Problem requirements: Copy exactly the lines from the beginning of the data down to and including the line holding "한국 록의 본산을 표방하는", without any pictures.
Top of Exercise material
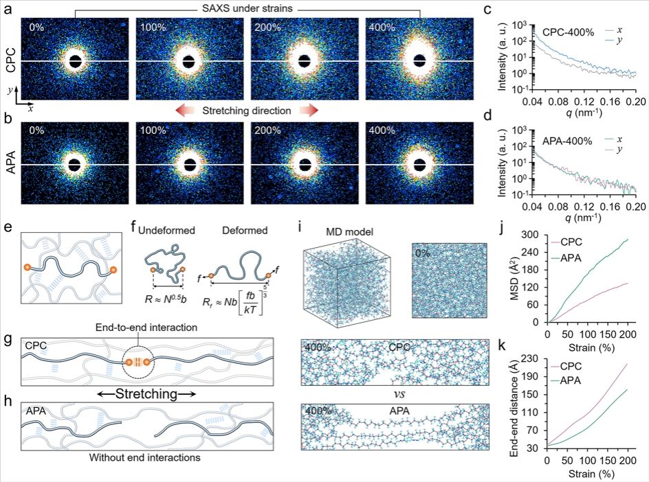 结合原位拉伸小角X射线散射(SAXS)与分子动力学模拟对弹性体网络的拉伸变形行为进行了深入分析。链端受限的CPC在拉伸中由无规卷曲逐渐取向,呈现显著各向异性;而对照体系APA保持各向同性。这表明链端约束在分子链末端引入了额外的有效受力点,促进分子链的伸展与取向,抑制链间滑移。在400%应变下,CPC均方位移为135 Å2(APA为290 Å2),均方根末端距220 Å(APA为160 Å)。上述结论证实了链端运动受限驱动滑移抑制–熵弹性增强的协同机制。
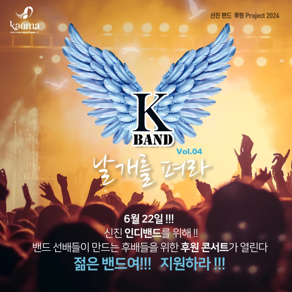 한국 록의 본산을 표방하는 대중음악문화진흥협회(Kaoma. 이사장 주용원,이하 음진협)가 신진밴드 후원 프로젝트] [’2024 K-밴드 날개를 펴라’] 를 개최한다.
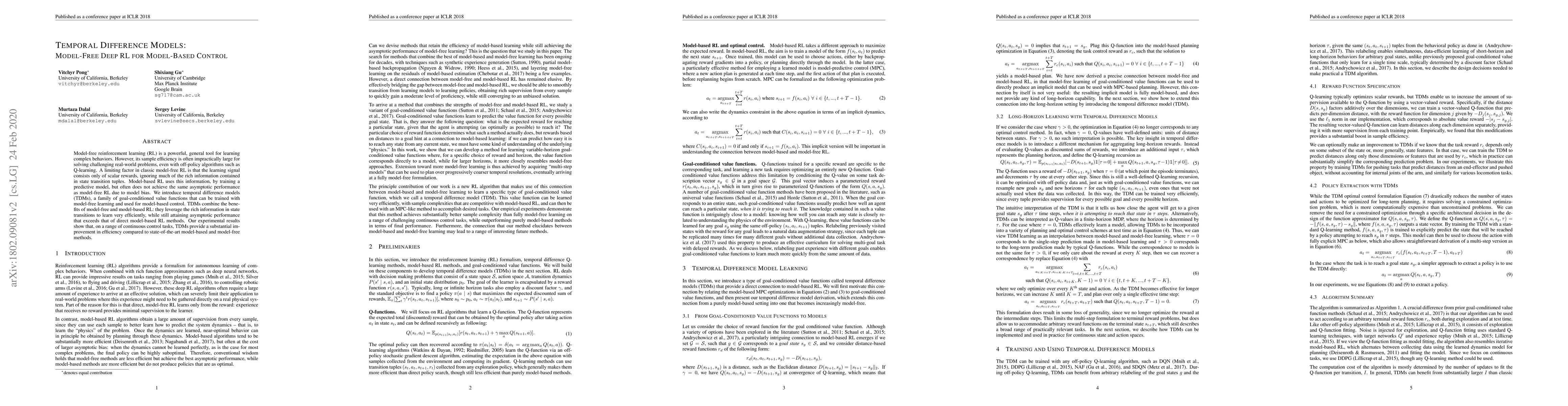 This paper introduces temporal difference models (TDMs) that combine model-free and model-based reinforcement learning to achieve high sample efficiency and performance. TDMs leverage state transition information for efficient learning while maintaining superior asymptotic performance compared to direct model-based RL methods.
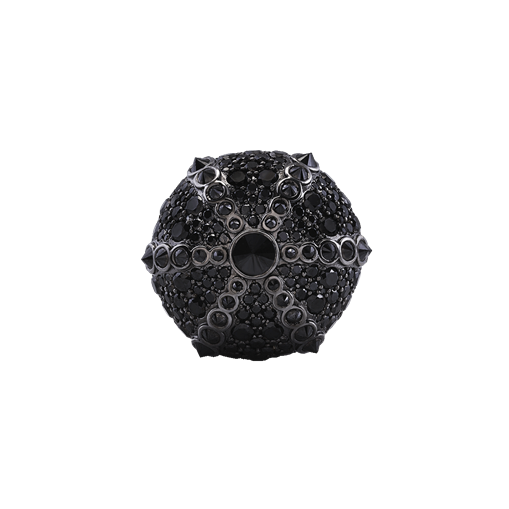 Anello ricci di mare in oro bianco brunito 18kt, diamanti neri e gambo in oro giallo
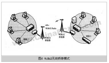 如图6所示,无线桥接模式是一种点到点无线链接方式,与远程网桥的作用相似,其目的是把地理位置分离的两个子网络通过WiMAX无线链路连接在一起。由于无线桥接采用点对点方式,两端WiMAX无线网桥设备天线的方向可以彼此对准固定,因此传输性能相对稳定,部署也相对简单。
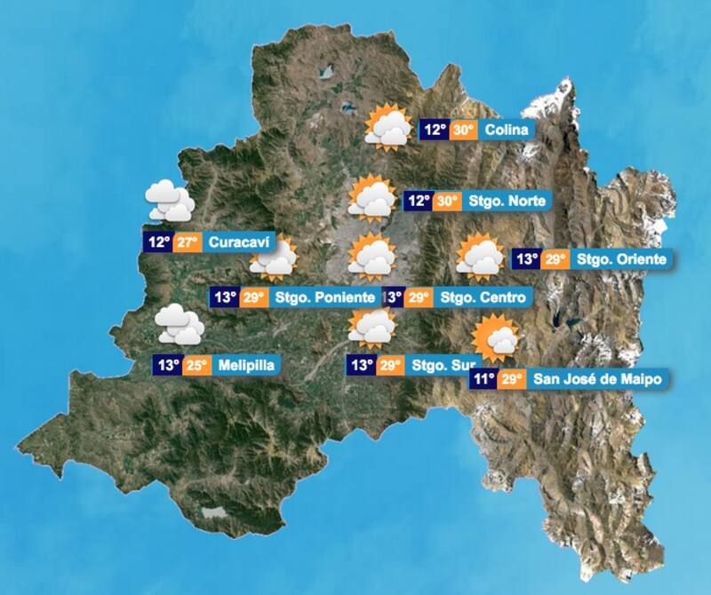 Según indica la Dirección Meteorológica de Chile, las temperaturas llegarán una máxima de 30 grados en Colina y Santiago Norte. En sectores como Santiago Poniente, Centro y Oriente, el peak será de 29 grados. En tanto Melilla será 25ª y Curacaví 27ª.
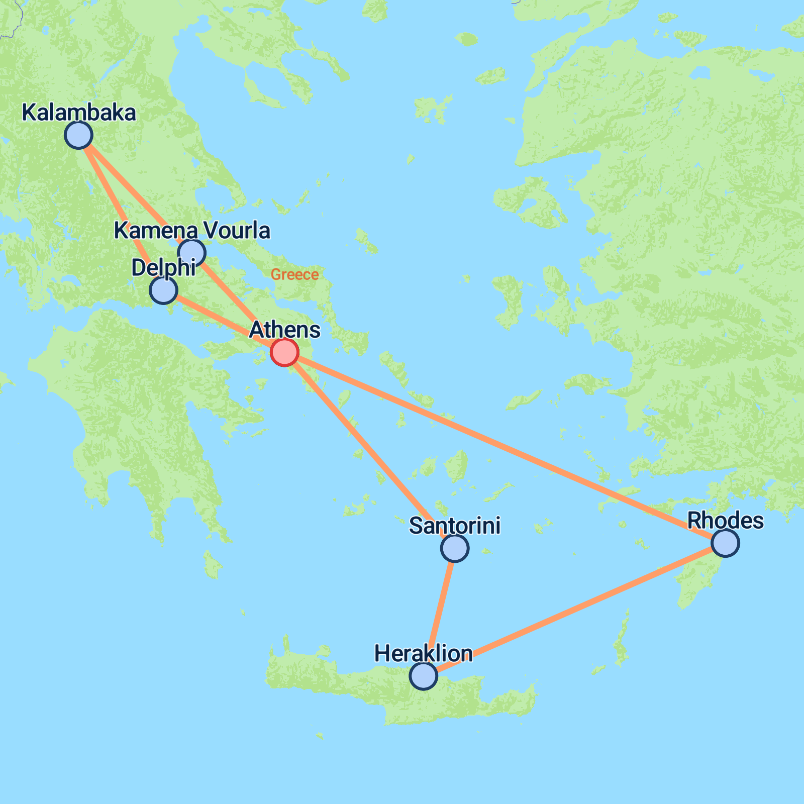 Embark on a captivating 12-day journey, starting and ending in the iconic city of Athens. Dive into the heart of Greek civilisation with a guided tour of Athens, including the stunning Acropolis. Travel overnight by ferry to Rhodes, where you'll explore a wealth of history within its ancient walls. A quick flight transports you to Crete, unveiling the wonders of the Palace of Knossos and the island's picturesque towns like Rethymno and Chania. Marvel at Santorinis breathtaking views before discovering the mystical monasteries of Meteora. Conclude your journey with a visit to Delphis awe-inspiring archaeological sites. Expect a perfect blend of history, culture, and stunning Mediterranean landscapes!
Bottom of Exercise material
Solution to the exercise:
 结合原位拉伸小角X射线散射(SAXS)与分子动力学模拟对弹性体网络的拉伸变形行为进行了深入分析。链端受限的CPC在拉伸中由无规卷曲逐渐取向,呈现显著各向异性;而对照体系APA保持各向同性。这表明链端约束在分子链末端引入了额外的有效受力点,促进分子链的伸展与取向,抑制链间滑移。在400%应变下,CPC均方位移为135 Å2(APA为290 Å2),均方根末端距220 Å(APA为160 Å)。上述结论证实了链端运动受限驱动滑移抑制–熵弹性增强的协同机制。
 한국 록의 본산을 표방하는 대중음악문화진흥협회(Kaoma. 이사장 주용원,이하 음진협)가 신진밴드 후원 프로젝트] [’2024 K-밴드 날개를 펴라’] 를 개최한다.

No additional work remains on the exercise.